(J.R. Guzzo, publicado no jornal O Estado de S. Paulo em 18 de dezembro de 2022)
Está em pleno funcionamento no Brasil um novo Ato Institucional número 5, o instrumento de força usado pelo regime militar para impor ao Brasil uma ditadura que durou mais de dez anos — só que mais destrutivo, mais perverso e com propósitos piores que os do modelo original. O AI-5 de hoje é o inquérito perpétuo, sem limites e absolutamente ilegal que o ministro Alexandre de Moraes comanda contra “atos antidemocráticos”, usando como seu braço armado uma Polícia Federal que não cumpre mais a lei e obedece às cegas a todas as suas ordens. “Ato antidemocrático”, muito simplesmente, é tudo aquilo que o ministro diz que é antidemocrático, como eram os “atos subversivos” do regime dos generais. É o pé de cabra que ele inventou para dar a si próprio o direito de agir fora da lei. Por conta da necessidade de defender “a democracia”, aboliu a exigência elementar de que um cidadão só pode ser acusado por crimes que estejam previstos no Código Penal e no resto da legislação brasileira — e dentro de processo legal, perante a Justiça. O resultado é que o inquérito está servindo, unicamente, para Moraes perseguir quem cai na lista de inimigos do seu projeto político.

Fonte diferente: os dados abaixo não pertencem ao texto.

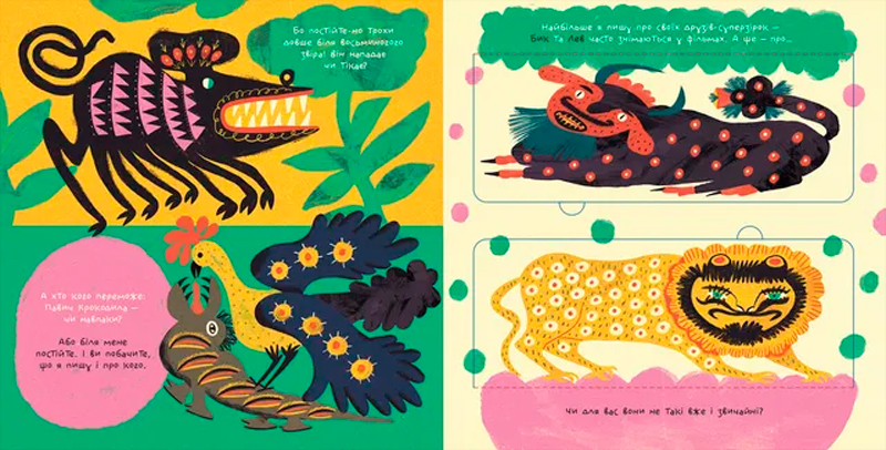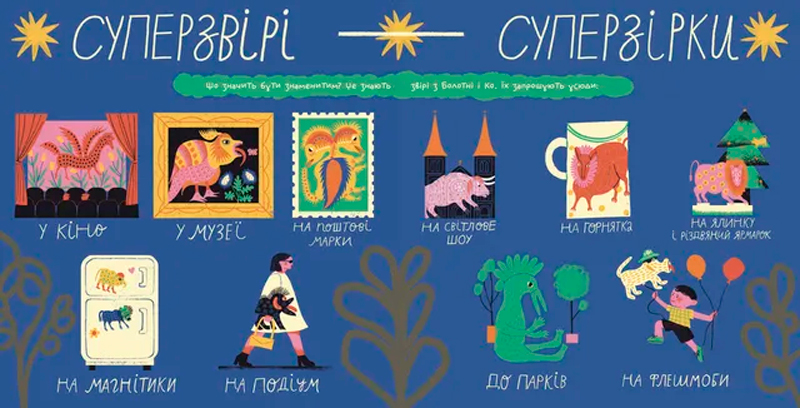 Інколи ти ходиш до музею, щоб подивитися на картини. Уяви лишень — вони теж на тебе дивляться! І варто останній людині вийти із зали, як вони починають своє таємне життя. Дивозвірі з картин Марії Примаченко дружать, ворогують, багато пліткують про мистецтво, галереї і навіть про людей. А ще вони нудяться по сховищах і так засумували за подорожами, виставками і маленькими гостями, що вирішили розкрити тобі свої секрети.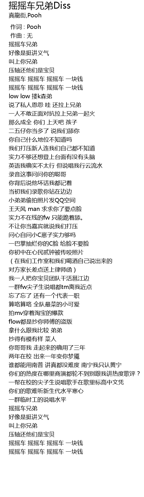 | [01:51.384] | 你们的歌难听新生代水平寒心 一群临时工的说唱水平 |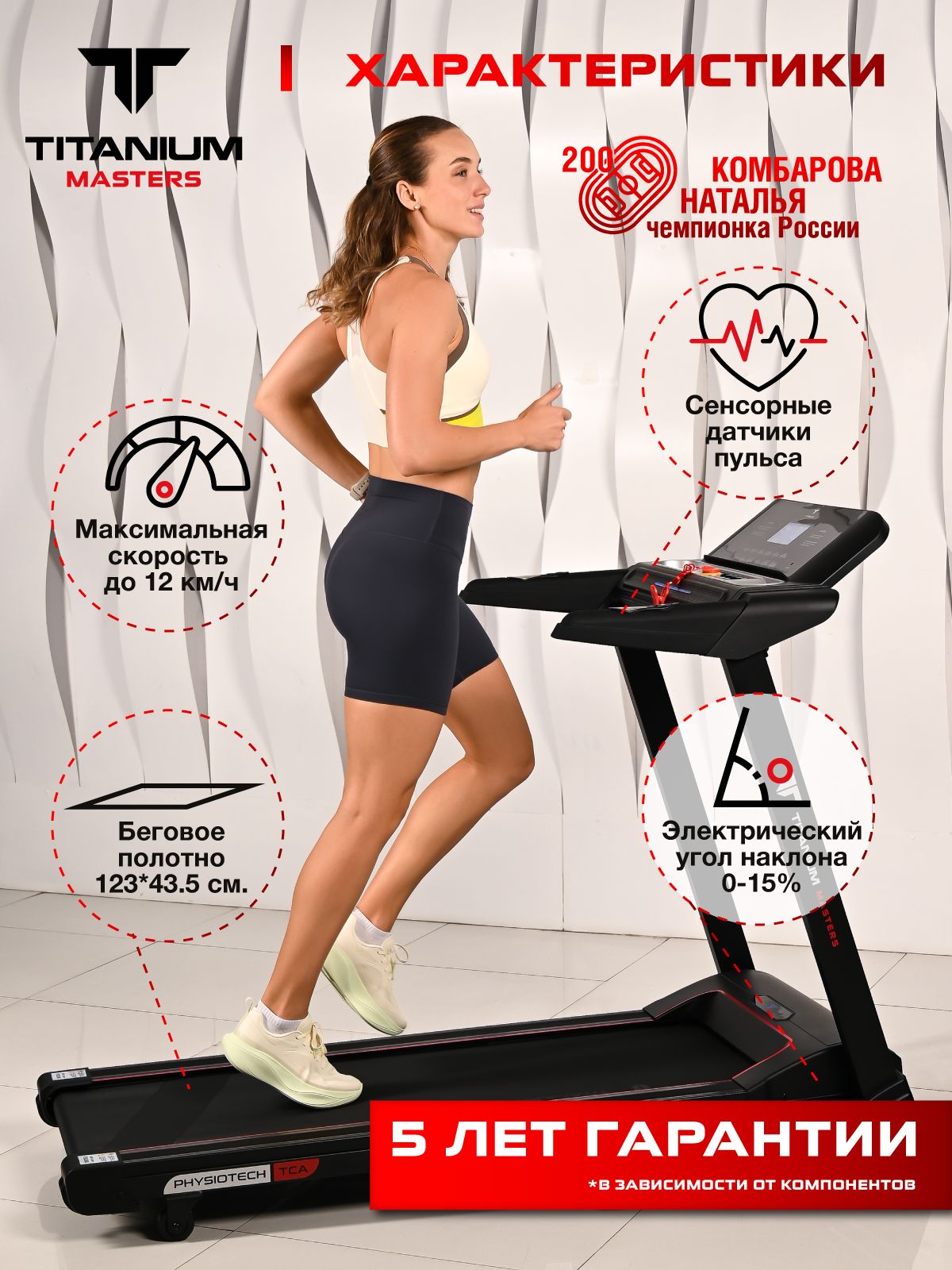 - Показания консоли время, дистанция, скорость, калории, угол наклона, шаги, пульс, жироанализатор Body Fat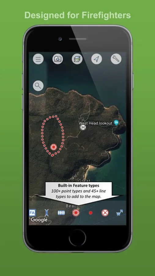 Hydrant, Water Point, Fire Origin, Spot Fire, Aerial Ignition, Hotspot, Defendable/Not Defendable Asset, Threatened Asset, Indigenous Site, Historic Site, Hazmat,Flora/Fauna, Airbase, Helibase, Helibase,Smoker Standing/Down,Tree Down, Medical, Mobile Weather Station, Portable Communications, Access Point, Control Point, Road Closure, RAFT, Drop Zone, Assembly area, Staging area, Base camp, Control Centre, Divisonal/Sector Command, Evacuation Area/Center, Escape Route, Refuge area, Property damage and more....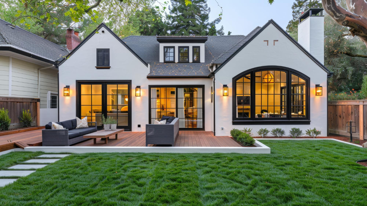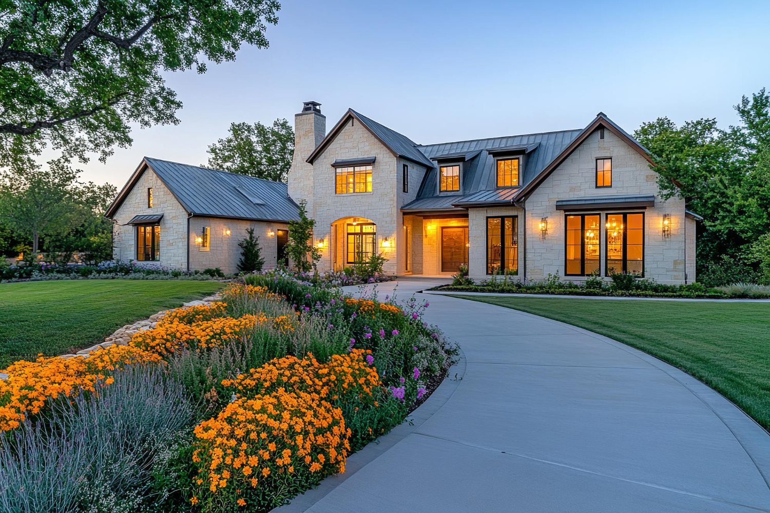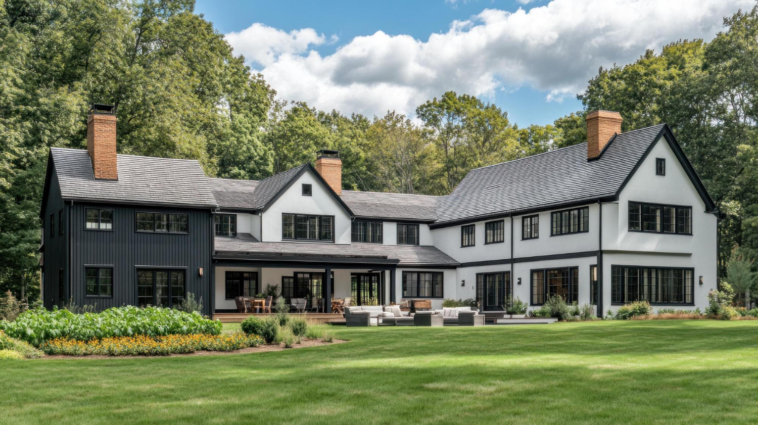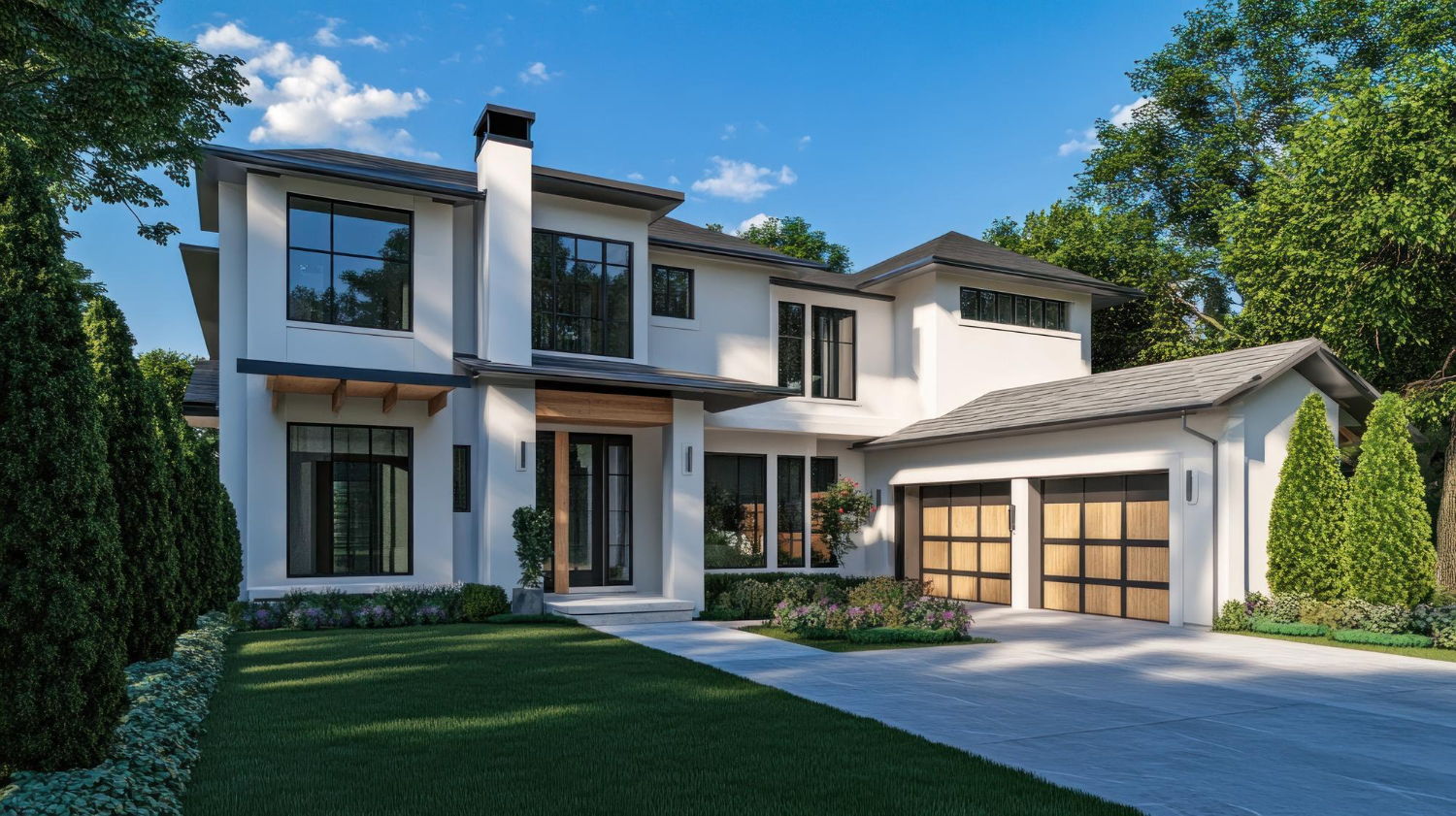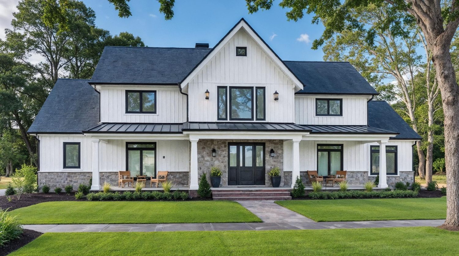 Modern Homestead is for clients who want a home that feels like it belongs — rooted in traditional form, but built with the clean lines and considered detailing of contemporary construction. The defining features of this direction are light exterior palettes, white stucco or board and batten, paired with black window framing that sharpens the elevation without losing warmth. Pitched rooflines, covered porches, and familiar massing give the home a sense of permanence and approachability that more contemporary directions don't always offer.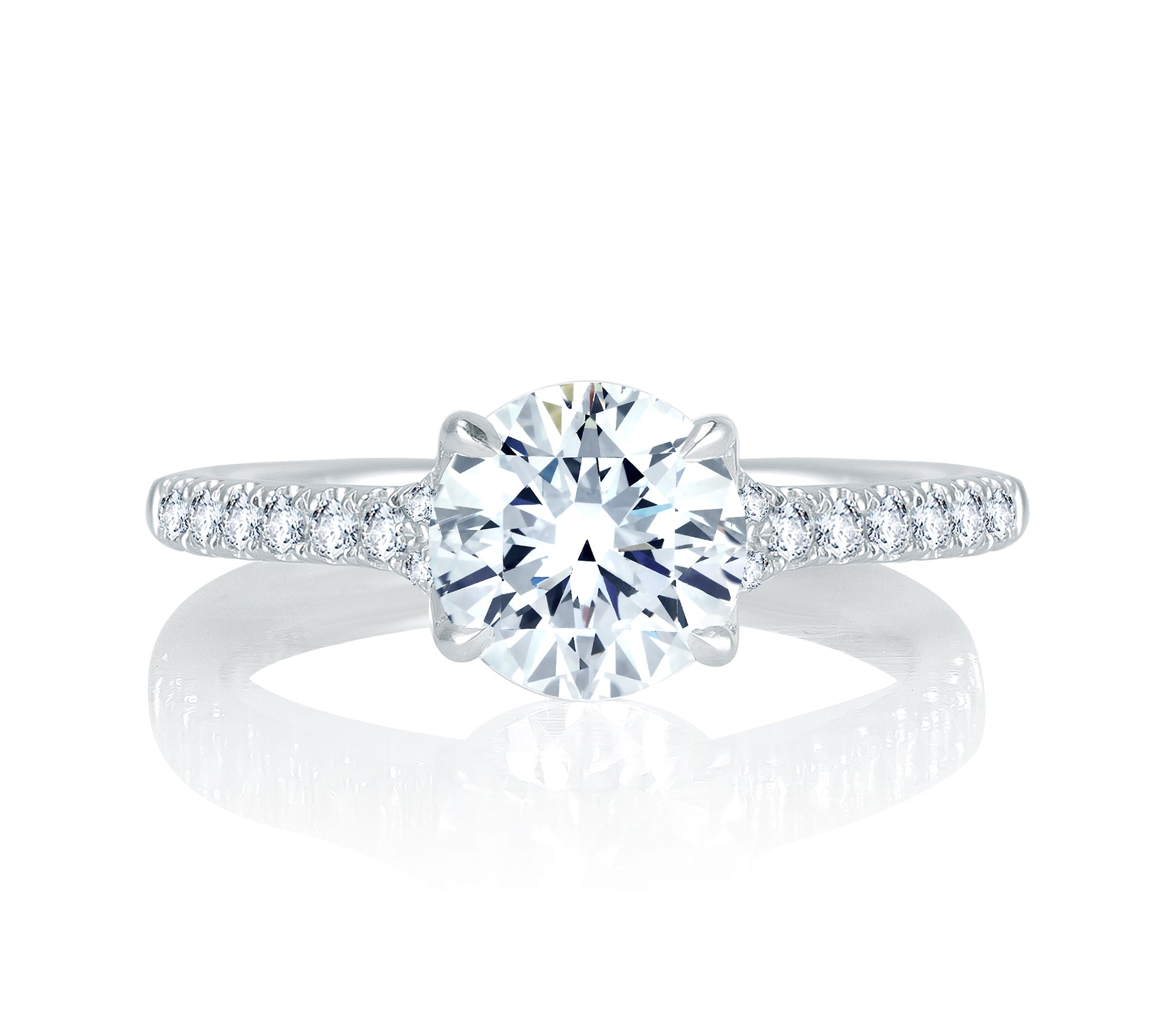 Ladies 14K White Gold Diamond Semi Mount split Shank with Diamonds on Head containing Thirty Eight (38) small Round Diamonds having an approximate total weight of 0.29ct Color G/Clarity SI Quilted

“Ainda tem muita gente para prender”, ameaçou ele, com a certeza de quem faz o que quer. Nenhum oficial da ditadura disse uma coisa dessas, nunca — Moraes diz e dá risada. Em seu último surto, prendeu quatro cidadãos no Espírito Santo que não cometeram delito algum — um deles foi acusado de “demonizar” o STF, coisa que não tem existência legal nenhuma. Prendeu empresários. Prendeu um cacique indígena. Mandou colocar tornozeleira eletrônica. Aplica multa de R$ 23 milhões, ou de R$ 150 mil por hora. Congela contas bancárias. Bloqueia salários. Manda a Polícia Federal invadir residências e escritórios às 6 horas da manhã. Não obedece à lei que dá ao Ministério Público a exclusividade na acusação penal. Ignora os pedidos oficiais do MP para arquivar o seu inquérito; ou então fecha um e abre outro no mesmo dia. O Congresso, as Forças Armadas e os cardeais da “sociedade civil” aceitam tudo. É democracia, isso?
Está em pleno funcionamento no Brasil, e antes mesmo de começar o novo governo Lula, o maior esquema de corrupção que este país já viu — perto do que vem por aí, a ladroagem alucinada dos 13 anos em que o PT esteve no poder vai parecer assunto para o juizado de pequenas causas. A primeira grande ordem de “avançar” é a infame mudança na Lei das Estatais — uma safadeza armada no submundo da Câmara, e apoiada em massa pelo PT, que permitirá a Lula enfiar até 600 serventes políticos na direção das empresas do governo. É daí para pior.